Distraction a leading cause of crashes: AAMI
Most types of road accident are increasing, with driver distraction largely to blame, according to AAMI’s annual crash index.
People taking their eyes off the road or trying to “multi-task” are the most common causes of accidents, the insurer says.
The NT had the dubious distinction of recording the highest proportion of collisions with a stationary object last financial year, at 31% of accidents.
Tasmania was next on 29%, with SA at 24%. Nationally, 18% of all crashes involved a stationary object, down on previous years. Collisions with animals also declined.
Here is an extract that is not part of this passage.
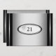 Silver & Black 21ST Birthday Party, Suitable for a Man ow Woman. All Events, Celebrations, Announcements Anniversaries and Birthday Party Invitations. Suitable for all age birthdays and events. Rsvp is available upon request in similar style. Beautiful Stylish Silver Grey Speckled Glitter on Black with Light silver Metal Stripe Trims and Featuring Black and Silver Metal Oval Plates. Change style of text with customise.

Nose-to-tail collisions were the most common accidents, accounting for 31% of the total.
Victoria had the highest percentage at 33%. Rear-ending commonly occurs in highly congested areas in peak-hour traffic. The national average was 31%.
AAMI analysed more than 360,000 accidents last financial year.
About 26% of car accidents in NSW were caused by drivers failing to give way to other road users, the highest in the country. Victoria was second at 25% and the national average was 23%. The index links this behaviour to impatient driving and lapses in judgment.
About 12% of collisions happened while reversing, 8% of crashes involved a parked car and 6% an animal.
Some 16% of all accidents were on Fridays, the most common day of the week for crashes.